Dissociation of rapid response learning and facilitation in perceptual and conceptual networks of person recognition Christian Valt1, Christoph Klein1,2 and Stephan G. Boehm1* 1

Wolfson Centre for Clinical and Cognitive Neuroscience, School of Psychology, Bangor University, Bangor, UK 2 Department of Child and Adolescent Psychiatry, Psychotherapy and Psychosomatics, University of Freiburg, Germany Repetition priming is a prominent example of non-declarative memory, and it increases the accuracy and speed of responses to repeatedly processed stimuli. Major long-hold memory theories posit that repetition priming results from facilitation within perceptual and conceptual networks for stimulus recognition and categorization. Stimuli can also be bound to particular responses, and it has recently been suggested that this rapid response learning, not network facilitation, provides a sound theory of priming of object recognition.
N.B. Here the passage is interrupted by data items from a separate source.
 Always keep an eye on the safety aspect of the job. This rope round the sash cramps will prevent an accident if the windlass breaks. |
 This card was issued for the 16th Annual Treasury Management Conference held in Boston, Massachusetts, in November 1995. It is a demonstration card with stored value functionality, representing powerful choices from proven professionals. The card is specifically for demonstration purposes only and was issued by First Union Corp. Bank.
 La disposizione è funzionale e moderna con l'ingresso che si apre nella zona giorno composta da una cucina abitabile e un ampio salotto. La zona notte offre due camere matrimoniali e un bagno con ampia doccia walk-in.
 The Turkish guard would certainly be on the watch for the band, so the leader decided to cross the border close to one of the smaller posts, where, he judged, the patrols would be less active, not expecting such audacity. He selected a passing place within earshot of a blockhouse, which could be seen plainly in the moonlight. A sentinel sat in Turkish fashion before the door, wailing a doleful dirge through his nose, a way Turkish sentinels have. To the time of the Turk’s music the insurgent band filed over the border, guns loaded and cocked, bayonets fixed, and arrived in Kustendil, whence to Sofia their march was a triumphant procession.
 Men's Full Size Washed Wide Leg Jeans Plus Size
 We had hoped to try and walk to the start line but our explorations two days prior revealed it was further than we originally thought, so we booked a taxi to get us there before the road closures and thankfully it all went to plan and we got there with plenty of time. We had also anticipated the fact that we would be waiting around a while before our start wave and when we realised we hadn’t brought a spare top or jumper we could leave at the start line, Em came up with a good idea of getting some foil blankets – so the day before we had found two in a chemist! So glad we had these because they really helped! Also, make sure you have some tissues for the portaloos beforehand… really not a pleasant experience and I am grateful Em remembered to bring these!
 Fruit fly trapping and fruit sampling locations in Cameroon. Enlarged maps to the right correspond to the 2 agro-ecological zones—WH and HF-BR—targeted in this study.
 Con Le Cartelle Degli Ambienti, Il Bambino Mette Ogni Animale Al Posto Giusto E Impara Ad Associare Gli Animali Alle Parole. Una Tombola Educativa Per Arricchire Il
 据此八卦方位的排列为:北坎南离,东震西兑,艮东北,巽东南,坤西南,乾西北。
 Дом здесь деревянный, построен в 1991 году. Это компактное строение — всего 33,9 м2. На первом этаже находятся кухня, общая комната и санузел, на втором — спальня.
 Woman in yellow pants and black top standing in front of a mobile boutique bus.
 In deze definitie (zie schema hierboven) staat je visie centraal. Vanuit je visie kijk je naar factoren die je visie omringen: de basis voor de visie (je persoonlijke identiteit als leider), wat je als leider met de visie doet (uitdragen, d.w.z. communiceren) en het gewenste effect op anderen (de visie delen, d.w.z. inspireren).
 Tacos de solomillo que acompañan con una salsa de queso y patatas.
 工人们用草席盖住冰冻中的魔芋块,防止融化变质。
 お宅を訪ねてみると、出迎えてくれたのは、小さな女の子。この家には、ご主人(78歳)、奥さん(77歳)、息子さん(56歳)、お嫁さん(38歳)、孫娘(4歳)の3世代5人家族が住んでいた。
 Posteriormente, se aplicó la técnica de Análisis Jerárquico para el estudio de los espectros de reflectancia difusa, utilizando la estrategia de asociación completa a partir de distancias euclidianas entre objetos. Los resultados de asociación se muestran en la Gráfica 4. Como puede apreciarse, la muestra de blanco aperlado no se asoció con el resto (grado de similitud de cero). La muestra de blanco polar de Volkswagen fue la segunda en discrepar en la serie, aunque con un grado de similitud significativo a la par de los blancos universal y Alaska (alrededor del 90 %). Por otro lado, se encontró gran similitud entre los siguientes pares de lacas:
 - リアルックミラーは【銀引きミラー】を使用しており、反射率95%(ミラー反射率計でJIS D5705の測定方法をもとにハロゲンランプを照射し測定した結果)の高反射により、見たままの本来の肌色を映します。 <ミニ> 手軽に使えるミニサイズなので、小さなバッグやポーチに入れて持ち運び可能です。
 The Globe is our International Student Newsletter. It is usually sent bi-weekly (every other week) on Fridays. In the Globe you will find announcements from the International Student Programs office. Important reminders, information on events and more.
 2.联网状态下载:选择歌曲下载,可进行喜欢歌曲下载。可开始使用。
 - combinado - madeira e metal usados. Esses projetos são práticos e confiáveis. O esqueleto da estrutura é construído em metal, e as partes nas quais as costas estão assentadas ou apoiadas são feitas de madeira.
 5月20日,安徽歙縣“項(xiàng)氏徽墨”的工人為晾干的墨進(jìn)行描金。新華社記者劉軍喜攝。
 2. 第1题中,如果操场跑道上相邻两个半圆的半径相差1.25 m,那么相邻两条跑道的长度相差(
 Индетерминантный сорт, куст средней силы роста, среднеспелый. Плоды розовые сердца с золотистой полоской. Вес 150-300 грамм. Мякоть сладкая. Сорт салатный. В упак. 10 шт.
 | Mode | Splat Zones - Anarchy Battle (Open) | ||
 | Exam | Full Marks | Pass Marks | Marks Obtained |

Here, we addressed the relevance of network facilitation and rapid response learning for priming of person recognition with a view to advance general theories of priming. In four experiments, participants performed conceptual decisions like occupation or nationality judgments for famous faces. The magnitude of rapid response learning varied across experiments, and rapid response learning co-occurred and interacted with facilitation in perceptual and conceptual networks. These findings indicate that rapid response learning and facilitation in perceptual and conceptual networks are complementary rather than competing theories of priming. Thus, future memory theories need to incorporate both rapid response learning and network facilitation as individual facets of priming.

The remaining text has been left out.